How to complete this task: All of the data must be written out verbatim, with pictures excluded.

Data below:
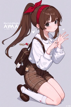 ruirui, 1girl,brown hair,shorts,brown footwear,white shirt,long hair, black eyes,white kneehighs socks,ponytail,red hairband,
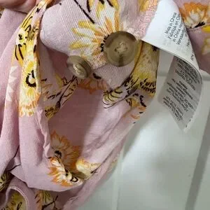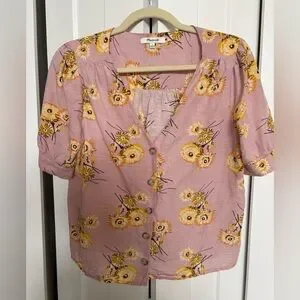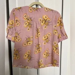 Soft pink button-down blouse with yellow floral clusters. Short sleeves and a gentle V-neck. Lightweight, breathable fabric. Easy to style for casual looks.
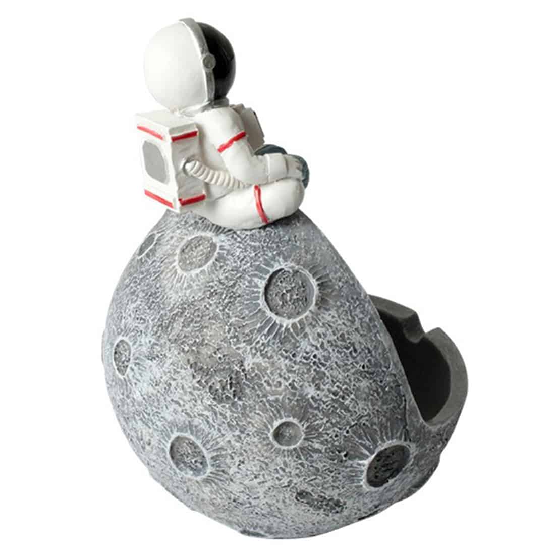 Tag med på en kosmisk oplevelse med dette fantastiske ASHtronaut Open Moon Ashtray! Dette unikke askebæger byder på en smuk og detaljeret gengivelse af månen som bund, hvor en drømmende astronaut i polyresin sidder ovenpå, og betragter universets uendelige vidder med hovedet hvilende på sin venstre hånd. Dette askebæger er ikke blot et praktisk redskab til at aske dine cigaretter eller joints, men kan også være et enestående dekorativt element til ethvert rum, så selv hvis det ikke anvendes aktivt som et askebæger, kan det stadig pynte i hjemmet. Den åbne måneform giver god plads til aske og skodder, og de fine detaljer i både månen og astronauten, skaber en unik atmosfære og god samtale åbner, der altid ender langt ude! Askebægeret er fremstillet af polyresin, og er derfor nemt at tømme og rengøre. Den håndlavede astronaut-figur er håndmalet, hvilket kan resultere i små variationer og imperfektioner i malingen, men det er netop dette der giver hvert askebæger sin helt egen unikke karakter og personlighed. Det er også den perfekte gaveidé til enhver ryger og rumnørd, der elsker universet og alle dets hemmeligheder, og samtidig kunne bruge en unik og spændende genstand til deres indretning, som de med garanti ikke har set før! Så dette ASHtronaut er mere end bare et askebæger, det er et stykke kunst og en ny ven, der sørger for at du aldrig ryger alene!

The answer:
 ruirui, 1girl,brown hair,shorts,brown footwear,white shirt,long hair, black eyes,white kneehighs socks,ponytail,red hairband,
 Soft pink button-down blouse with yellow floral clusters. Short sleeves and a gentle V-neck. Lightweight, breathable fabric. Easy to style for casual looks.
 Tag med på en kosmisk oplevelse med dette fantastiske ASHtronaut Open Moon Ashtray! Dette unikke askebæger byder på en smuk og detaljeret gengivelse af månen som bund, hvor en drømmende astronaut i polyresin sidder ovenpå, og betragter universets uendelige vidder med hovedet hvilende på sin venstre hånd. Dette askebæger er ikke blot et praktisk redskab til at aske dine cigaretter eller joints, men kan også være et enestående dekorativt element til ethvert rum, så selv hvis det ikke anvendes aktivt som et askebæger, kan det stadig pynte i hjemmet. Den åbne måneform giver god plads til aske og skodder, og de fine detaljer i både månen og astronauten, skaber en unik atmosfære og god samtale åbner, der altid ender langt ude! Askebægeret er fremstillet af polyresin, og er derfor nemt at tømme og rengøre. Den håndlavede astronaut-figur er håndmalet, hvilket kan resultere i små variationer og imperfektioner i malingen, men det er netop dette der giver hvert askebæger sin helt egen unikke karakter og personlighed. Det er også den perfekte gaveidé til enhver ryger og rumnørd, der elsker universet og alle dets hemmeligheder, og samtidig kunne bruge en unik og spændende genstand til deres indretning, som de med garanti ikke har set før! Så dette ASHtronaut er mere end bare et askebæger, det er et stykke kunst og en ny ven, der sørger for at du aldrig ryger alene!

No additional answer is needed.